--- RECORDS PROVIDED ---

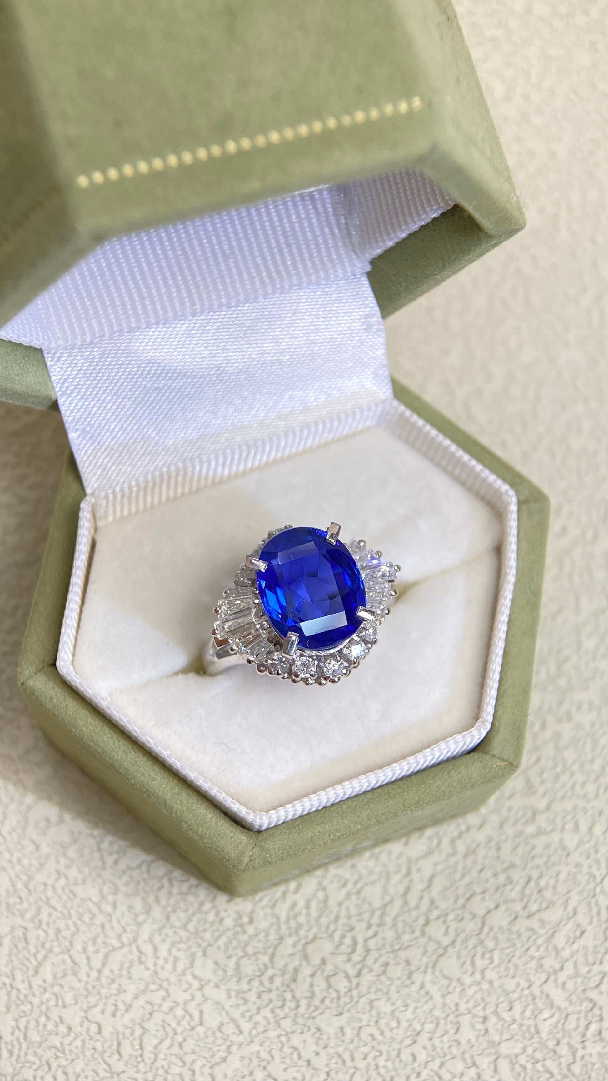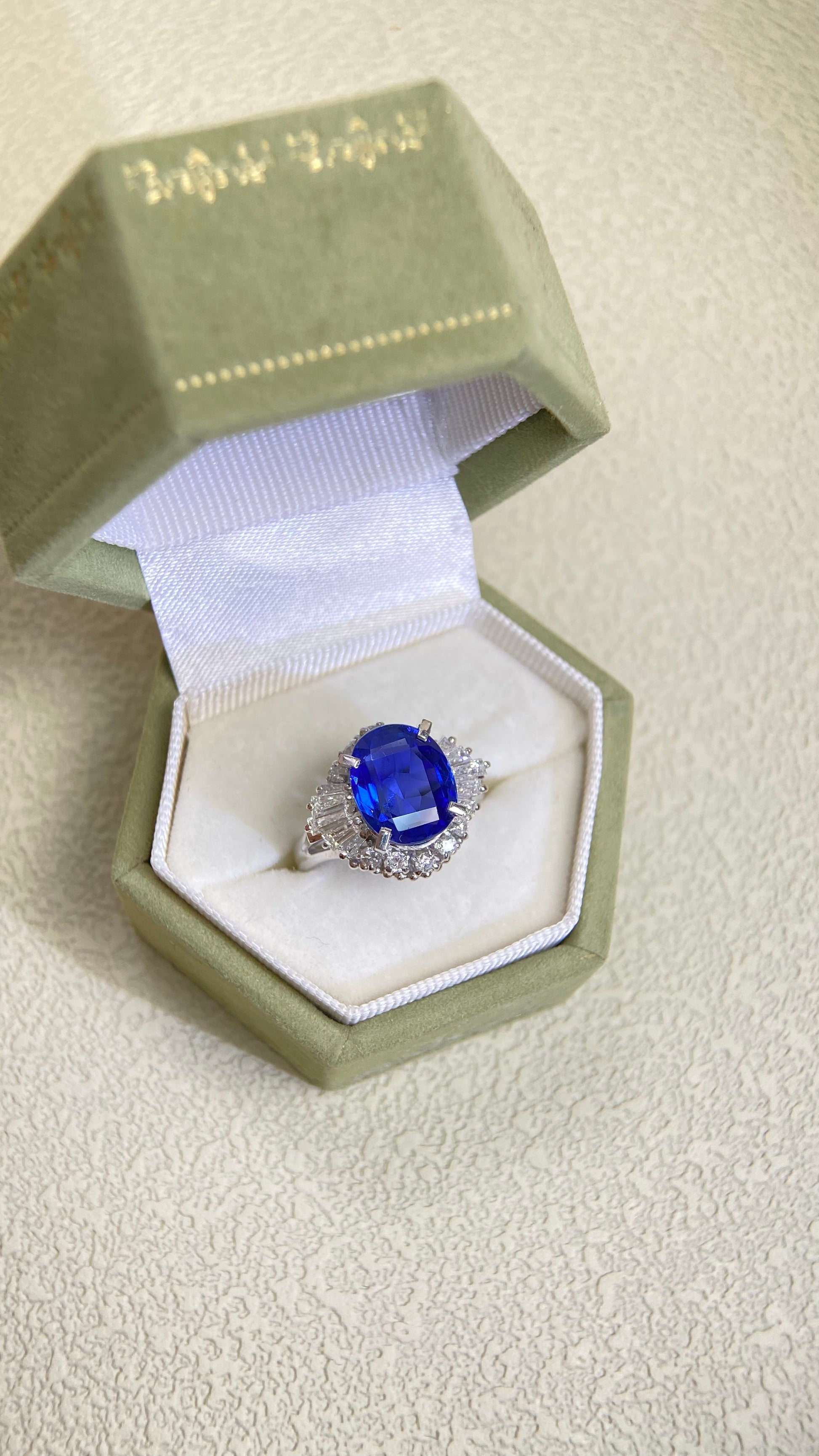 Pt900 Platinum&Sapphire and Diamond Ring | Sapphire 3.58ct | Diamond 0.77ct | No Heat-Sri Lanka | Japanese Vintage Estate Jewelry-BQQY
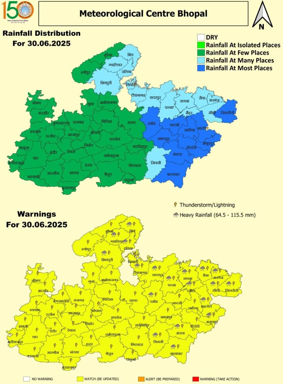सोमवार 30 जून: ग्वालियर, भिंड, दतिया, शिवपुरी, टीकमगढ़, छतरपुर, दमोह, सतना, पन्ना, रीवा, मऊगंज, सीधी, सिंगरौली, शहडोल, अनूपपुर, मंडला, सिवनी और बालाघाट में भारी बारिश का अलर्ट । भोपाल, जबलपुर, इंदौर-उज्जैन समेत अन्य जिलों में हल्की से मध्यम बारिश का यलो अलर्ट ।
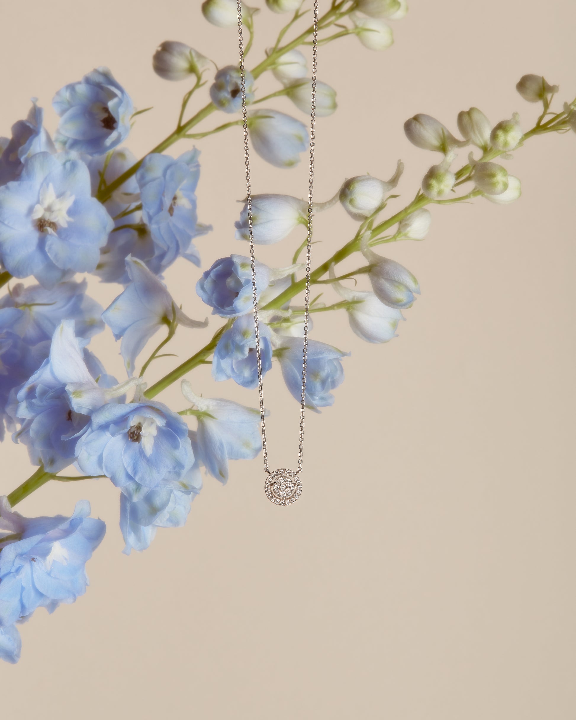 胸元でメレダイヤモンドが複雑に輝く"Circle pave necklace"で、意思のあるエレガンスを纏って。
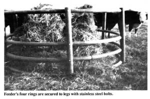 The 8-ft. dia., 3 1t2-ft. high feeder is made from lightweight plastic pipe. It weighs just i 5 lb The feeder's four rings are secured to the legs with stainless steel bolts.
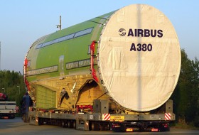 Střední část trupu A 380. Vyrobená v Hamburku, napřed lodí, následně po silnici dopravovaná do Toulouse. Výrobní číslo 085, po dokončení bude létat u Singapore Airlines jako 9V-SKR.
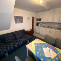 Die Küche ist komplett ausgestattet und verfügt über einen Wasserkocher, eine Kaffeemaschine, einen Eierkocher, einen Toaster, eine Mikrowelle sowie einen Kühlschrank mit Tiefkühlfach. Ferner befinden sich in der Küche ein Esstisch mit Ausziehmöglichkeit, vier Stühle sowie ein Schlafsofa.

---

## WORK ORDER
Transcribe the material above in full. No picture is to be copied.

## ANSWER SPACE
 Pt900 Platinum&Sapphire and Diamond Ring | Sapphire 3.58ct | Diamond 0.77ct | No Heat-Sri Lanka | Japanese Vintage Estate Jewelry-BQQY
सोमवार 30 जून: ग्वालियर, भिंड, दतिया, शिवपुरी, टीकमगढ़, छतरपुर, दमोह, सतना, पन्ना, रीवा, मऊगंज, सीधी, सिंगरौली, शहडोल, अनूपपुर, मंडला, सिवनी और बालाघाट में भारी बारिश का अलर्ट । भोपाल, जबलपुर, इंदौर-उज्जैन समेत अन्य जिलों में हल्की से मध्यम बारिश का यलो अलर्ट ।
 胸元でメレダイヤモンドが複雑に輝く"Circle pave necklace"で、意思のあるエレガンスを纏って。
 The 8-ft. dia., 3 1t2-ft. high feeder is made from lightweight plastic pipe. It weighs just i 5 lb The feeder's four rings are secured to the legs with stainless steel bolts.
 Střední část trupu A 380. Vyrobená v Hamburku, napřed lodí, následně po silnici dopravovaná do Toulouse. Výrobní číslo 085, po dokončení bude létat u Singapore Airlines jako 9V-SKR.
 Die Küche ist komplett ausgestattet und verfügt über einen Wasserkocher, eine Kaffeemaschine, einen Eierkocher, einen Toaster, eine Mikrowelle sowie einen Kühlschrank mit Tiefkühlfach. Ferner befinden sich in der Küche ein Esstisch mit Ausziehmöglichkeit, vier Stühle sowie ein Schlafsofa.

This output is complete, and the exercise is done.